An interesting Nesta event in Wales yesterday moved me to write this post.

Here are some suggestions for academics or experts needing to present to a broad audience:

Signpost For User Experience

Your audience, or users, may be from such a broad base they don’t understand the relevance of your subject. It will help your cause to demonstrate this. Use an equivalent of keywords and tags when we first hear from you, so we know the key ideas in your domain.

And also helpful at the outset to set content in context of the whole event theme, which is what will have attracted many of us to be there.

Like web design, a presentation is a container for content: we need to understand how we share a path through this.

Show Don’t Tell

Academic acclaim may come through rigour, analysis of much detail, and giving a full picture. Presentation acclaim from a broad audience, is unlikely to…

Clever thinking in web design and presentation design comes from incisiveness and asking ‘ What is my user group/audience’s most pressing interest on first encounter?’

If you can’t answer this, then – doh – maybe you forgot to ask the organizers for a list of attendees beforehand – or maybe, you just shouldn’t be presenting. Your thing could be irrelevant to why people are there…

Here’s information told, and then shown:

And appropriate images = impact and stickability.

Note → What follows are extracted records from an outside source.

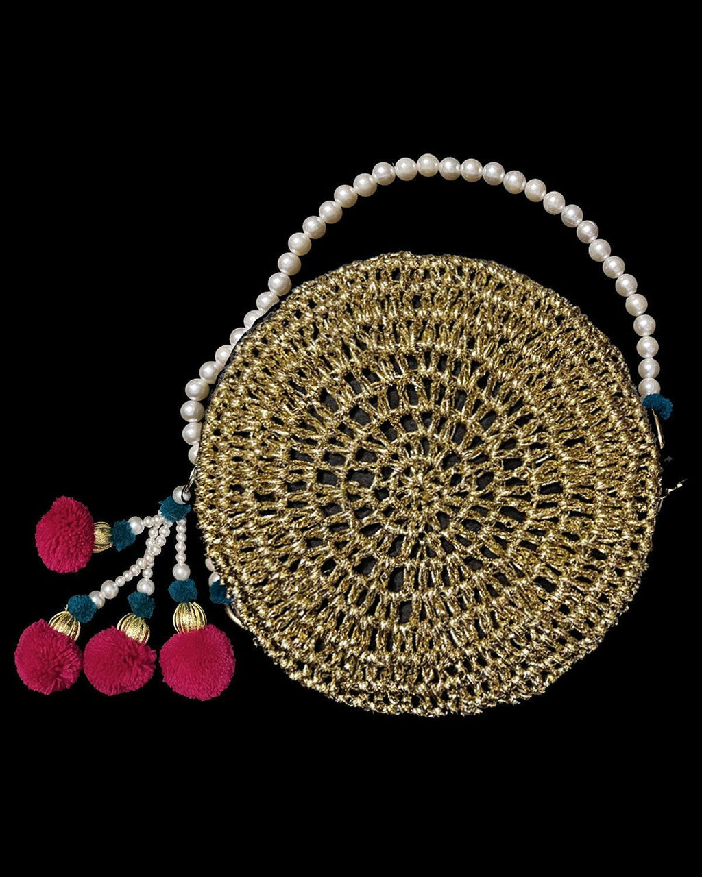 Round small Shoulder bag with overlaid hand crochet mesh enhanced with a handmade fun tassel and a small pearl strap.
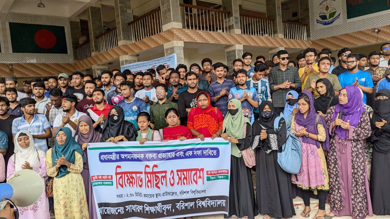 সরকারি চাকরিতে কোটা সংস্কারের আন্দোলন নিয়ে প্রধানমন্ত্রী শেখ হাসিনার অপমানজনক বক্তব্য প্রত্যাহার এবং এক দফা দাবিতে বরিশাল বিশ্ববিদ্যালয়ে বিক্ষোভ মিছিল ও সমাবেশ করেছেন কোটাবিরোধী আন্দোলনকারী শিক্ষার্থীরা। শিক্ষার্থীরা এসময় সরকারপ্রধানের এমন বক্তব্যের সমালোচনা করেন এবং অনতিবিলম্বে প্রত্যাহারের দাবি জানান।
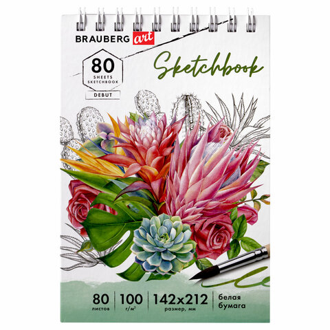 Скетчбук белая бумага 100 г/м2 142х212 мм, 80 л., гребень, твердая обложка, BRAUBERG ART DEBUT, 112984
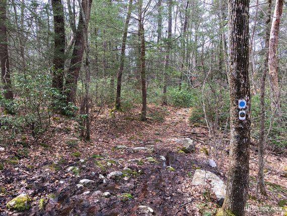 2.9 – Start following Stony Brook (BROWN). Don’t go over the bridge. [Blue Mountain Loop (BLUE) leaves to the right, over the bridge].
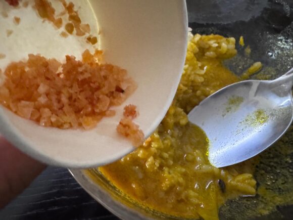 もちろんすでに完成してるカレーなので、味が足りないわけじゃない。穏やかめではあるから、数粒散らして、コントラストを楽しむって感じかな。
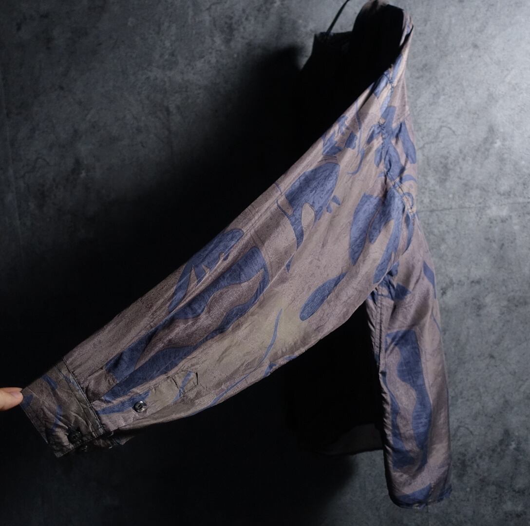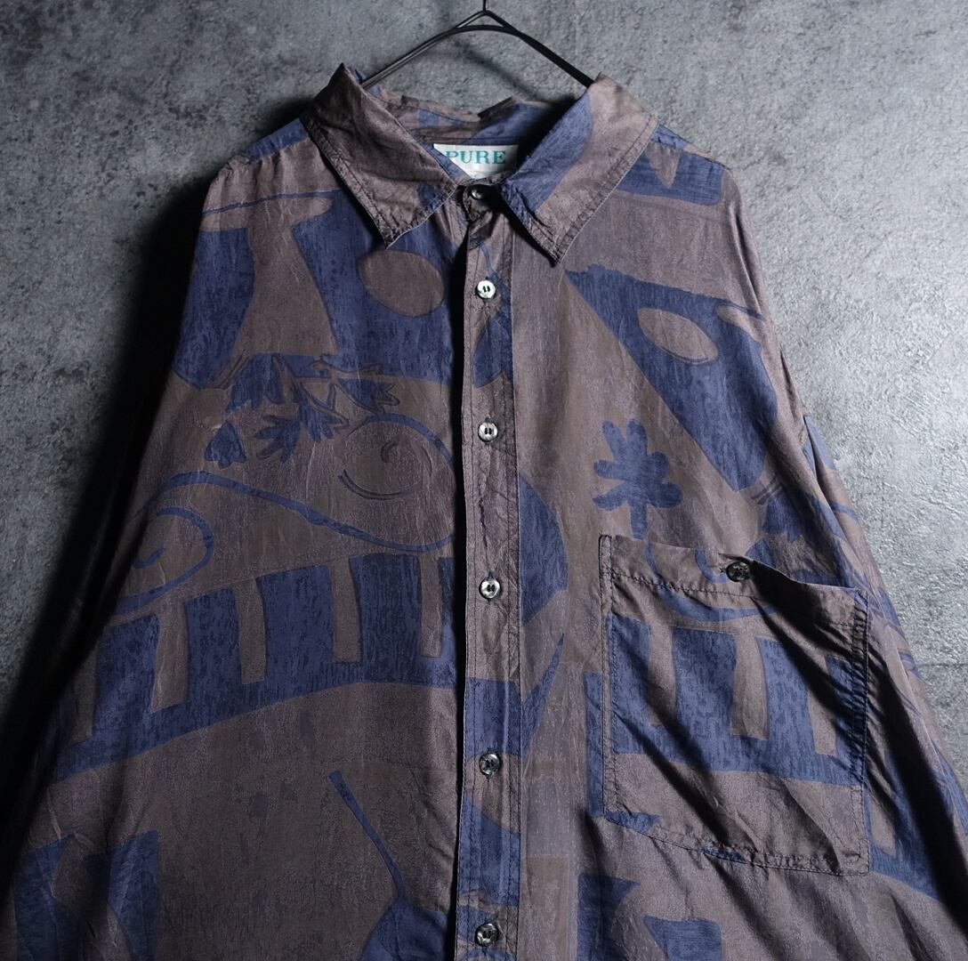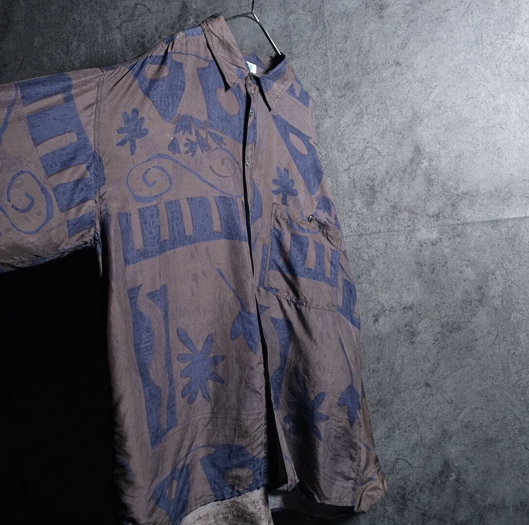 Multicolor Abstract Motif Design Silk Shirt
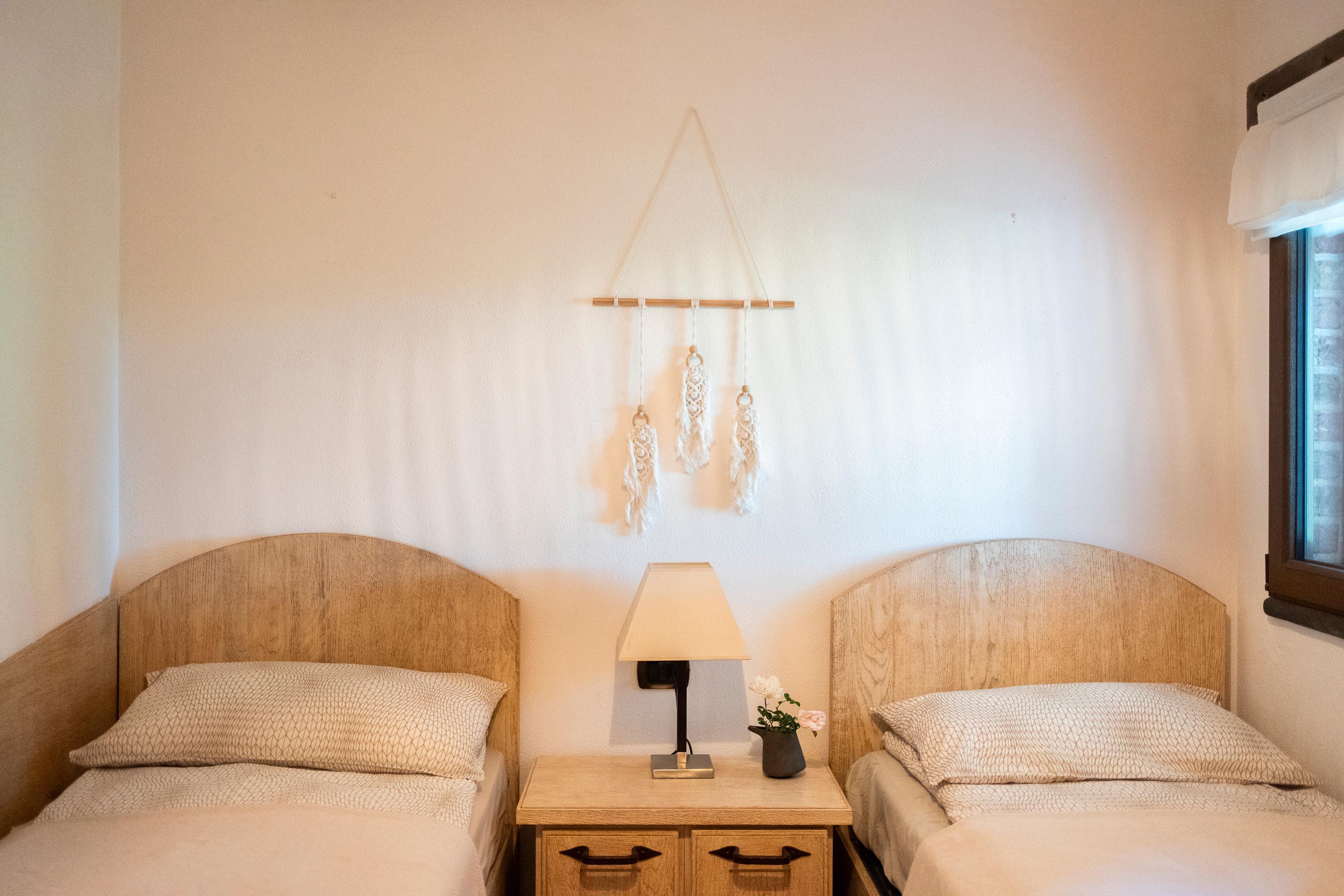 Das Haus ist ideal für Familien, Paare und Gäste, die gerne zu Fuß unterwegs sind. Im Inneren erwartet Euch ein komfortables Ferienhaus mit einer entspannten Atmosphäre und harmonischen Farben. Das Panoramafenster im Wohnbereich bietet einen schönen Blick auf den Garten. Alle Möbel und die Einbauküche wurden von sardischen Handwerkern individuell gefertigt. In beiden Schlafzimmern gibt es einen Kleiderschrank und bequeme Betten. Bei der Ausstattung der CASA NURRU wurde Wert auf hohe Qualität gelegt. Von der kleinen Dachterrasse aus könnt ihr den Ausblick auf den Hausberg Monte Tuttavista genießen.

Extract Your Key Learning And Direct Us How We May Use It

If we’re still listening after you’ve been going for five minutes, this is good, and possibly shows we’ve accepted your expertise. We’ll want greater engagement and indicators as to what we can do with what you’ve learnt so far. You’ll need to empathize with, and research us, to do this.

Web designers know that if visitors are spending time on sites, they need to be provided with links and content to continue the conversation and come back for more.

Be Human

Showing how smart you are, and distinguished from the rest of us, is a form of defensiveness. Most of us will be there with hope of some sort of collaborative learning and problem-solving occurring…what might they be?

Good web design shows that glib and gimmicky interactive techniques don’t further conversation and engagement with users. Considered discussion and comments do.

To end with a plea then. Please can academic presenters everywhere drop the protective cloak of ‘I who know best’ and venture out to us metaphorically naked. We’d like an offer of ‘I hope to have some sort of clue about where you may be coming from’.

We’ll love you for it and want you to come back for more.

By szcz

4 thoughts on “What Academic Presenters Can Learn From Web Design”
  1. Well done Philippa. “Show don’t tell” should be tattooed on every presenter’s hand. I have sat through thousands of presentations of bullet-points: if you’re reading them you’re not listening, and if you don’t read them then why have them? Give me pictures and explain them to me!
    Now, when I do presentations, I ask myself “Is every word really necessary and is it adding anything?”.

    1. Hi Richard

      Thanks a lot for this helpful idea. It’s exactly what good web copy is about too. Suspect some presenters get confused between ‘denying complexity’ and ‘shaping complexity’. Ruthless editing and focussing content is actually rigorous and demanding.

      Will get down from soap box now before I add anything unnecessary and wish you a good weekend.

  2. Somewhat similar to the advice my old college tutor gave me regarding the way to answer an exam question; 1. Reflect on the question and say what you are going to say, especially by contextualising it. 2. Say it. 3. Summarise, by saying what you have said. It seemed to work for most of us.

    1. Thank you Penarth Man. Seems like a perfect formula if the question becomes conference theme.

      May only fair winds blow on your pier this week – and delighted you could pop by.